* [PROVIDED MATERIAL]
════

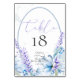 Tarjeta de Número de Mesa de Boda | Flores de lavanda de acuarela fresca y limpia de primavera con flores azules polvorientas y bayas. El reverso es un color complementario coordinado. Personalice el texto, el estilo de fuente, el color y el tamaño. Diseño creado para BarefootBride™ por © WhimsicalArtwork™ - Esta es parte de una suite completa de papelería de boda con papelería de boda, baby shower y otros eventos.
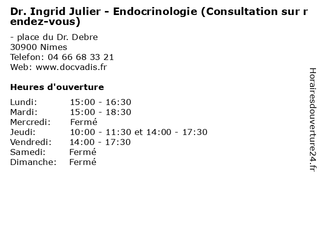 Termes de recherche pour Dr. Ingrid Julier - Endocrinologie (Consultation sur rendez-vous):sur, vous, santé, rendez, ingrid, docteur, dr., consultation, endocrinologie, julier |
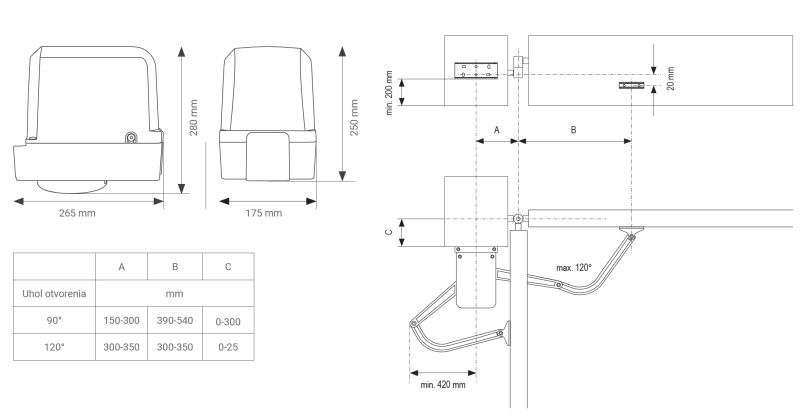 Samostatný pohon pre automatizáciu krídlových brán s krídlom 2,5m/250kg.
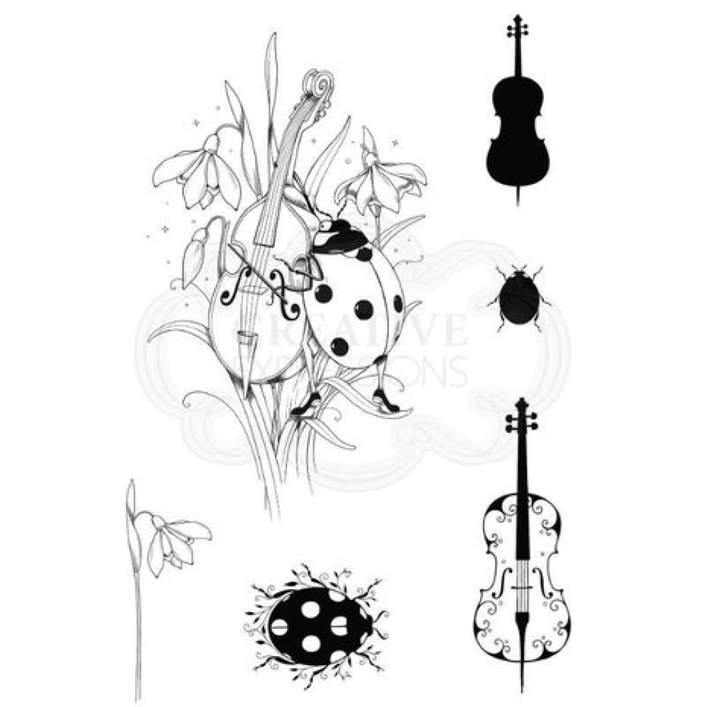 This A6 stamp is part of the Wee Folk series of stamp sets. This musical ladybird has a big job on her hands playing her cello. All of the stamps are hand illustrated and come with additional elements for you to create a happy, fun scene. Lots of fun to colour whatever your favourite medium is. All of the Wee Folk Series work brilliantly together. These stamps can be used with all sorts of medium including paper, card, mdf etc. Ready to mount on an acrylic block the stamps can be used with ink pads, paint, or used with pigment and embossing powder. They are suitable for any other surface depending on the ink choice. Store flat away from heat and sunlight. Deep etched, quality photopolymer. Designed and made in the UK. A6 main stamp 9.5 x 6.0 cm. 6 separate images.1 cellist, 1 cellos, 2 ladybirds, 1 flower.

════

* [WHAT THE TASK ASKS] In your copy, restate the data above word for word but leave out any picture.

* [SOLUTION]
 Tarjeta de Número de Mesa de Boda | Flores de lavanda de acuarela fresca y limpia de primavera con flores azules polvorientas y bayas. El reverso es un color complementario coordinado. Personalice el texto, el estilo de fuente, el color y el tamaño. Diseño creado para BarefootBride™ por © WhimsicalArtwork™ - Esta es parte de una suite completa de papelería de boda con papelería de boda, baby shower y otros eventos.
 Termes de recherche pour Dr. Ingrid Julier - Endocrinologie (Consultation sur rendez-vous):sur, vous, santé, rendez, ingrid, docteur, dr., consultation, endocrinologie, julier |
 Samostatný pohon pre automatizáciu krídlových brán s krídlom 2,5m/250kg.
 This A6 stamp is part of the Wee Folk series of stamp sets. This musical ladybird has a big job on her hands playing her cello. All of the stamps are hand illustrated and come with additional elements for you to create a happy, fun scene. Lots of fun to colour whatever your favourite medium is. All of the Wee Folk Series work brilliantly together. These stamps can be used with all sorts of medium including paper, card, mdf etc. Ready to mount on an acrylic block the stamps can be used with ink pads, paint, or used with pigment and embossing powder. They are suitable for any other surface depending on the ink choice. Store flat away from heat and sunlight. Deep etched, quality photopolymer. Designed and made in the UK. A6 main stamp 9.5 x 6.0 cm. 6 separate images.1 cellist, 1 cellos, 2 ladybirds, 1 flower.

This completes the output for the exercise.